Preparing to Home School: Learning With Thematic Play

Thematic play allows for the integration of multiple subject areas, such as art, music, science, and math via lessons and projects based on a theme or book.  For example, a farm theme could include the topic of animal care, which could include a science lesson about what animals eat, a vocabulary lesson about the names of baby farm animals, an art project where children draw or color animals, and a math activity where children count the number of animals in a barn.  Combining multiple subject areas in accordance with a theme, helps children to make connections, thus facilitating understanding and knowledge that can be learned and applied in a relevant manner. 

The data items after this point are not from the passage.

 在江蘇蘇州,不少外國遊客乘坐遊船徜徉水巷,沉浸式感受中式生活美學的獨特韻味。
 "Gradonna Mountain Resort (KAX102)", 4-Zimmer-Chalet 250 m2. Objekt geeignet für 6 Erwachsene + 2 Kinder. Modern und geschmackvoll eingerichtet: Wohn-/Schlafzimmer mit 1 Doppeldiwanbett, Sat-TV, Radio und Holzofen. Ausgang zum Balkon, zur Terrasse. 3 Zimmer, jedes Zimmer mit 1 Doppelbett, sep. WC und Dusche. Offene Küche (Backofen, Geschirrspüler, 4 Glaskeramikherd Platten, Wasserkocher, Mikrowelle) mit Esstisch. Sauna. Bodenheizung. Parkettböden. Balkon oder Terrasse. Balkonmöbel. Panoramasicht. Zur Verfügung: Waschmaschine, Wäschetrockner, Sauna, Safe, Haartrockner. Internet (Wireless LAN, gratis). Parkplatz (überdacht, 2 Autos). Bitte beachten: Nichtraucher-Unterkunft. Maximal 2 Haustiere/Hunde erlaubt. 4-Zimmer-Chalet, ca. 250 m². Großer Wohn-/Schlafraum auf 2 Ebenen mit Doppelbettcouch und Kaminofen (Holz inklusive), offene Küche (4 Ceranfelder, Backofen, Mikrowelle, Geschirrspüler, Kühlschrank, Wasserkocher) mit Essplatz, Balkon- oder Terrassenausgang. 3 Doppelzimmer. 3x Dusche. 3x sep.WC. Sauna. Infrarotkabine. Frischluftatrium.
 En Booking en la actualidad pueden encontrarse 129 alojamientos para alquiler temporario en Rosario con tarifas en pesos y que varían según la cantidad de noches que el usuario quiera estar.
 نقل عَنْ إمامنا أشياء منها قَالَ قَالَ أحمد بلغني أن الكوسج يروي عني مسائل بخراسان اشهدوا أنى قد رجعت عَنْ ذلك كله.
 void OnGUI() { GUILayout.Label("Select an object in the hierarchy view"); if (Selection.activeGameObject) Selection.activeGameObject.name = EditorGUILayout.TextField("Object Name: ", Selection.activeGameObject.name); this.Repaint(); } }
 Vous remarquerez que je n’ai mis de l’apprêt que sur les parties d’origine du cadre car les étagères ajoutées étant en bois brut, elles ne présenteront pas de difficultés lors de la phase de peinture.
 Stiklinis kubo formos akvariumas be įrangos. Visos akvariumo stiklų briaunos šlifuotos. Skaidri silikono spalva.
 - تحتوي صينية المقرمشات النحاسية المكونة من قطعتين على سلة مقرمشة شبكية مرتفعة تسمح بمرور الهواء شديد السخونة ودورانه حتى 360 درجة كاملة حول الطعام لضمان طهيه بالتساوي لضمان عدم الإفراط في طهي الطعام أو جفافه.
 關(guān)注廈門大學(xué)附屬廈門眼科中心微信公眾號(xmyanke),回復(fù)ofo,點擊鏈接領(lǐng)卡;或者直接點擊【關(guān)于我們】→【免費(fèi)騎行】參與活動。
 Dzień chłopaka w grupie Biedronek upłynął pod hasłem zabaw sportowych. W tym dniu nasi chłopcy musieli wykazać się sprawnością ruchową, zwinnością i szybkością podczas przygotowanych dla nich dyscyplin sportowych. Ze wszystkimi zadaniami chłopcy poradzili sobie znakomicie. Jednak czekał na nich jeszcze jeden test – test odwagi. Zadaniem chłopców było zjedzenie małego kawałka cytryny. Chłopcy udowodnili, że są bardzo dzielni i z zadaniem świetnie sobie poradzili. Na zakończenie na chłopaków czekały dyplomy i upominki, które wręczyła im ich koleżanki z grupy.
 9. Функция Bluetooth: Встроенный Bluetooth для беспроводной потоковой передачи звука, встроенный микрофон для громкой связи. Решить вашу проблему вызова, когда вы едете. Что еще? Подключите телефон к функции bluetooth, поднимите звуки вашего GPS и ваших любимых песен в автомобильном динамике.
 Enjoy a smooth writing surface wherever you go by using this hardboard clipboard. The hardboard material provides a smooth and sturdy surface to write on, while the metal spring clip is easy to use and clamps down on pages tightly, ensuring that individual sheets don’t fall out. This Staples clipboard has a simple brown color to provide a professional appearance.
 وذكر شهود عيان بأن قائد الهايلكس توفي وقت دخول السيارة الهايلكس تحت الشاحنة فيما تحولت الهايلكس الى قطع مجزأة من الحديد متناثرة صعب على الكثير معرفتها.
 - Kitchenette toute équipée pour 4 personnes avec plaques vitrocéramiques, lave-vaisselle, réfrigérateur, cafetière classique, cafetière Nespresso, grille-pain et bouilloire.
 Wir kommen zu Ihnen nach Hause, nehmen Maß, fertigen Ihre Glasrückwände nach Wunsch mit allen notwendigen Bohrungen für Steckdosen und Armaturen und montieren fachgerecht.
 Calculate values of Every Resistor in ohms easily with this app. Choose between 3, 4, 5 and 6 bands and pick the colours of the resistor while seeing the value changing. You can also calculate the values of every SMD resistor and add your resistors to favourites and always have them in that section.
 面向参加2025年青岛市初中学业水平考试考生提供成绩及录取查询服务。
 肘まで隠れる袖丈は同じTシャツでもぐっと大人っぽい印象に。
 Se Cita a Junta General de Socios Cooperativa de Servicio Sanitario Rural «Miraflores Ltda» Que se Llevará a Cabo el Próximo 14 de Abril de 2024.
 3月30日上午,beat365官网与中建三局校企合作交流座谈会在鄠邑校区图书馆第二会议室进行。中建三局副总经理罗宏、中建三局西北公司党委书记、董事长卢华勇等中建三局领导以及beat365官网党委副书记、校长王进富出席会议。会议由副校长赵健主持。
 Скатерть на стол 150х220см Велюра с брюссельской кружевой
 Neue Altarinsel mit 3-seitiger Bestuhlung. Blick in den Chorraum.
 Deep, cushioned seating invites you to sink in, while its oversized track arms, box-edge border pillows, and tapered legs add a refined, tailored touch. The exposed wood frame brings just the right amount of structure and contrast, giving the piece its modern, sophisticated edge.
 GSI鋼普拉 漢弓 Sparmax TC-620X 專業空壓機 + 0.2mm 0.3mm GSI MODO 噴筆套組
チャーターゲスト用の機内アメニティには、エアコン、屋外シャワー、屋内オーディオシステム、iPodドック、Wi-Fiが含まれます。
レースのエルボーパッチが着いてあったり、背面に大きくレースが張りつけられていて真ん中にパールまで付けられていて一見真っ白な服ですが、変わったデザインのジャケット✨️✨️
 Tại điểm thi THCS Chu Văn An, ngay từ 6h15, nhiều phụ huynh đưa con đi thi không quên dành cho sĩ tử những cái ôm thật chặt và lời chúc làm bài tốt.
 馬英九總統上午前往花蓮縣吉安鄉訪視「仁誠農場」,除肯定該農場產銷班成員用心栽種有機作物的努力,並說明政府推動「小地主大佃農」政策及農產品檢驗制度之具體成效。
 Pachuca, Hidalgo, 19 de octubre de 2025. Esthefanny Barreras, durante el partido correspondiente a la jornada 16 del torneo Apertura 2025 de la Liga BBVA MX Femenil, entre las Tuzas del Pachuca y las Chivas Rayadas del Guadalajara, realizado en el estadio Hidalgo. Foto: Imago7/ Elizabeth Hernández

One of the main reasons our family uses thematic play is because it’s fun.  Thematic units and thematic play are inspirational for both parents/teachers and students.  Using favorite topics, themes that are present in a child’s everyday life, and those that are important to those close to them, help children get excited about learning.  Themes related to holidays, seasons, nature, occupations, and food are often successful themes to use with younger children.  

Thematic play can also be useful in encouraging students to complete activities in subject areas in which they are less proficient or which they find less enjoyable.  For example, a child that loves being outside, but isn’t fond of math, might be encouraged to count, if he/she is able to count sticks, flowers, or acorns outside.  Having an activity or craft that uses a specific number of those items can also increase the interest a child has in completing an otherwise seemingly mundane but necessary learning activity, such as counting.    

Using themes that are familiar to children allows parents and teachers to help children build new skills and abilities on a topic with which they are already comfortable.  Relating new concepts to real life experiences, such as eating good food to stay healthy and understanding seasons in relation to the calendar months can help children solidify new ideas.  Familiar topics can build confidence in children and increases the likelihood that they will be able to accept and learn new information.  Thematic play can be completed with groupings of children of multiple ages, making it an ideal avenue for learning in many home school environments.  As children begin to understand more of a topic area, additional information and more advanced activities and projects can be added to increase the difficulty level and keep children engaged and challenged. 

Our family enjoys using Before Five in a Row, a program for children ages 2-4, which relies heavily on thematic play, as well as creating thematic units based on books from Enchanted Home Schooling Mom’s Virtual Book Club, Poppins Book Nook.  What programs or forms of thematic play have you had success with in your home?